Three years ago, I had the pleasure of attending a tutorial with the great Petros Dellaportas, a one-day primer in bayesian inference. One of the main sessions was about Markov chain Monte Carlo sampling, the technique whose name inspired one of the all-time greatest blog names (and blogs) ever: ‘While my MCMC gently samples’… and also a game-changing statistical insight when it comes to sampling from complex statistical distributions. Following the session, I caught up with Petros and asked a dumb but useful question:

'So, I kind of understand MCMC now... but why does it matter?!'

Petros being Petros, he was more than equal to my question:

'MCMC is a tool to sample from complex distributions. Let's start with a simple distribution, the Normal Distribution. After this session, go and write a normal distribution sampler. Then, go and look up the Box-Mueller method, and you'll realise that MCMC matters - effective sampling from distributions is not trivial!'

In this post, i’ll implement my simple sampler attempt, then write up a few methods from the experts: namely, the box-muller transform, the marsaglia rejection algorithm and marsaglia’s ziggurat.

import numpy as np
from numpy.random import rand
import matplotlib.pyplot as plt
%matplotlib inline

The probability density function of the normal distribution is defined as:

\[f(x|\mu, \sigma) = \frac{1}{\sqrt{2\pi \sigma ^2}}e ^ {- \frac{(x-\mu)^2}{2\sigma^2}}\] 
from math import pi

def norm(x_array, m, s):
    point_array = 1/np.sqrt(2* pi * s ** 2) * np.exp((-(x_array - mu)**2)/2*s**2)
    return(point_array)

mu = 0
sigma = 1
x = np.linspace(-5,5,200)
y = norm(x, m=0, s=1)


fig, ax = plt.subplots(figsize=(8,5))

ax.set_ylim([0,0.41])

ax.plot(x, y)
plt.title("Normal distribution curve with $$\mu=$${} and $$\sigma=$${}".format(mu,sigma))
plt.show()

png

Now, if we want to use the uniform sampler to generate a sample distribution X, such that \(X \sim N(0, 1)\), we need to know how to reshape our uniform distribution. To do this, we’ll split the normal curve into strips, calculate the area under the curve for each strip, and use this to tell us how many uniformly distributed samples we need for each strip.

Given an interval, we can calculate the y values at the beginning and end of the interval, then we use the trapezium rule to get the area of this slice:

\[\frac{1}{2} * (a + b) * width\] 
## function to calculate the trapezium area

def trap_area(y1, y2, width):
    return 0.5 * (y1 + y2) * width

sigma = 1
mu = 0
n_sigma = 4

## set our full interval to be 4 s.d. from the mean
## so with X~(0,1) we'll get an interval of (-4, 4)

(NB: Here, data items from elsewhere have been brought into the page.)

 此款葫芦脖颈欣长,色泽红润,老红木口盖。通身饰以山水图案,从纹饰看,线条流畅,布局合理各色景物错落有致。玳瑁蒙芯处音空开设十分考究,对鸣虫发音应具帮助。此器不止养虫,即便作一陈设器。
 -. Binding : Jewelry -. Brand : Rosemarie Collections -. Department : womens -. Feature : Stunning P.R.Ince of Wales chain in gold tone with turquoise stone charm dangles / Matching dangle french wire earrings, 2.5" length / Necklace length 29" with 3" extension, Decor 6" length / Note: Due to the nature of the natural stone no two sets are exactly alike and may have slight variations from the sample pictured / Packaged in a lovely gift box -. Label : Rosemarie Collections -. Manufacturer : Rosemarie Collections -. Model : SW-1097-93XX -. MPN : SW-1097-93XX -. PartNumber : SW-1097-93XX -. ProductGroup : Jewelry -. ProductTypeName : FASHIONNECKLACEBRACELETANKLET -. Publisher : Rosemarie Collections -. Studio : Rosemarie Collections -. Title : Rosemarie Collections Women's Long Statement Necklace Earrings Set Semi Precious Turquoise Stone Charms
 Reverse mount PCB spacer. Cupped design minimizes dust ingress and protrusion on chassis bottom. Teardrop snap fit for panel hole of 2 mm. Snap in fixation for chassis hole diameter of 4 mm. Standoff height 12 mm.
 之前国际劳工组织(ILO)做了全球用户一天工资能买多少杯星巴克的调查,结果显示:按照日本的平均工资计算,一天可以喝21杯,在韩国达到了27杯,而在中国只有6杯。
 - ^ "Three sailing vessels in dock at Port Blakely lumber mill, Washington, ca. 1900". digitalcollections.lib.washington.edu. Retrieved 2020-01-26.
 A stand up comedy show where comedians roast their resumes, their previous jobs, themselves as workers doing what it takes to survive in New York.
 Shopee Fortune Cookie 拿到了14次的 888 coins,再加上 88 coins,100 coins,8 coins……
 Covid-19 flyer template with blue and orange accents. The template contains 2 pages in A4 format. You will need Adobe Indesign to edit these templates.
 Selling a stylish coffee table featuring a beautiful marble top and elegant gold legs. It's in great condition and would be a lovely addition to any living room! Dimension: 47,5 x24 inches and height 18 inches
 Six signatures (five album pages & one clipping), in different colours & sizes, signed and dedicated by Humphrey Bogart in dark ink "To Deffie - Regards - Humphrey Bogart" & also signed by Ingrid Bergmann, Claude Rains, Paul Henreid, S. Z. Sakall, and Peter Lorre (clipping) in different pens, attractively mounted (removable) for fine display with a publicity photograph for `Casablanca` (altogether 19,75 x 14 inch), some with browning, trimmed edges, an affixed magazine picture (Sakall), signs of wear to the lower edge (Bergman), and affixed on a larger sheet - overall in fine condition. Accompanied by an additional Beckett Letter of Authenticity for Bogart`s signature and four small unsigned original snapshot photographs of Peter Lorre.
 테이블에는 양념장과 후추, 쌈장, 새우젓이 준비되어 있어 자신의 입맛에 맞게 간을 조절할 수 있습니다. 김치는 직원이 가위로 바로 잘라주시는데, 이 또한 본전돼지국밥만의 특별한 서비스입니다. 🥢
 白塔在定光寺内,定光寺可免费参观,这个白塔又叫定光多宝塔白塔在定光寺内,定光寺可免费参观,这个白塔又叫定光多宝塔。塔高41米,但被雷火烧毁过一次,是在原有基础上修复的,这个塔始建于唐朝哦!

interval = np.array([mu - sigma * n_sigma,mu + sigma * n_sigma])

## split this into k strips, which will control how fine-grain our slices are (let's say k = 80, intervals of 0.1)
k = 100

strip_width = (interval[1]-interval[0])/k
sub_strips = np.linspace(*interval, k + 1) ## 81 edges gives 80 strips
sub_strips_pairs = [np.array([sub_strips[p],sub_strips[p+1]]) for p in range(k)]

## the area of the strip tells us how many values we want to select, as a proportion of n
## create an array of areas

areas = np.array([trap_area(*norm(s, mu, sigma), strip_width) for s in sub_strips_pairs])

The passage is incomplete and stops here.